Кроме того, что она была теперь не одинока, тетя Рита, переехав, приобрела немало других преимуществ. Плохонькая наша квартира с низкими потолками, крошечными окошками, спрятавшаяся в глубине второго двора, гораздо больше подходила для жизни в осаде, под обстрелом, чем две ее просторные комнаты на Петроградской стороне, с огромными окнами и широким коридором. Новое жилище располагалось намного ближе к ее работе, главное, через Неву не надо было перебираться. Вода плескалась рядышком, в Фонтанке: два с половиной лестничных марша вниз, полсотни метров до ворот, еще сотня — до одного из спусков в гранитной облицовке; столько же назад.

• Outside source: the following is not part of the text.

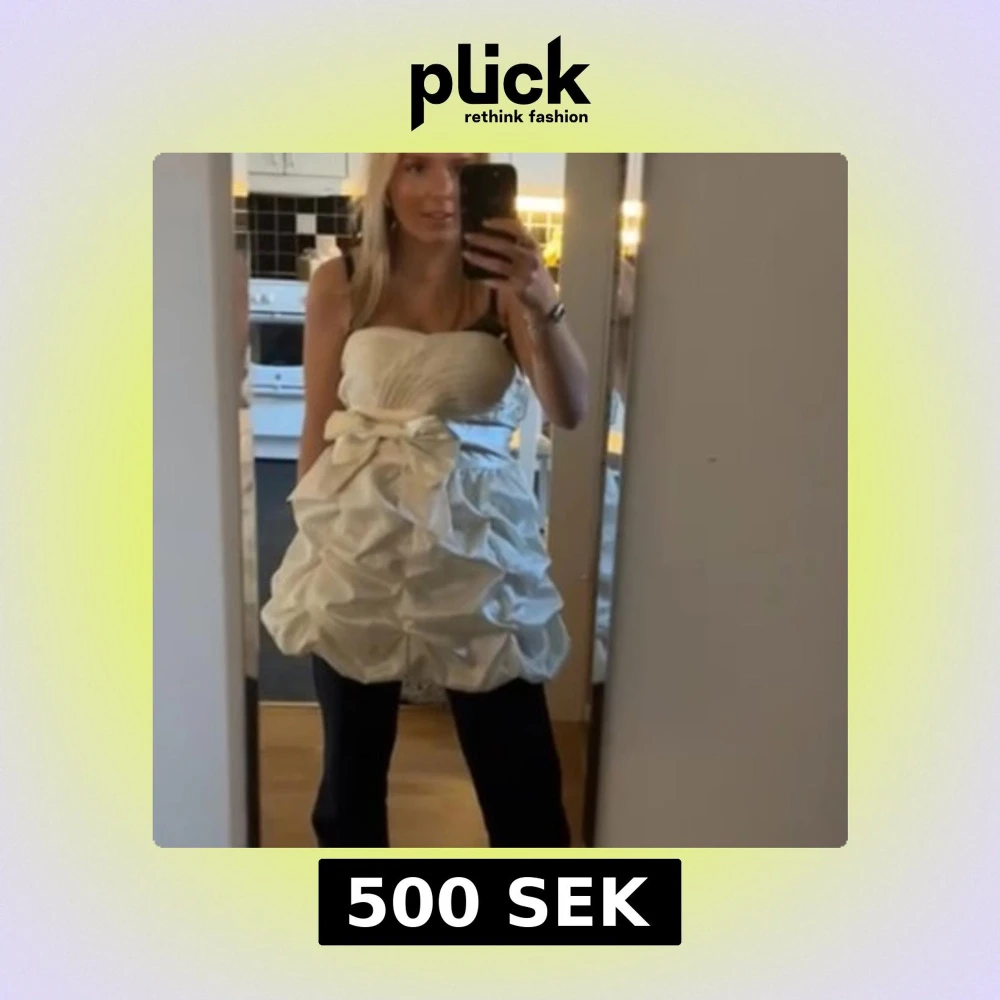 Säljer en vit kort klänning med axelbandslös design och stor rosett framtill. Klänningen har volangdetaljer och ett snyggt rynkat bakstycke. Materialet är glansigt och känns lyxigt, perfekt för dig som vill sticka ut med en unik look. Perfekt för studenten

Устроив «военный совет» и обсудив ситуацию, все три женщины твердо решили из города не выезжать. Такова была их собственная исходная позиция в борьбе с врагом, отлично знакомым — они так думали! — по прошлой войне, во время которой тетя Рита была фронтовой медсестрой, по оккупации Украины в восемнадцатом году. Никаких иллюзий относительно того, что несут с собой катившиеся к Ленинграду полчища, у них не было, и они никак не осуждали тех, кто стремился уехать, но сами двигаться с места не собирались — еще до беседы со мной по телефону мама тщательно обдумала этот вопрос.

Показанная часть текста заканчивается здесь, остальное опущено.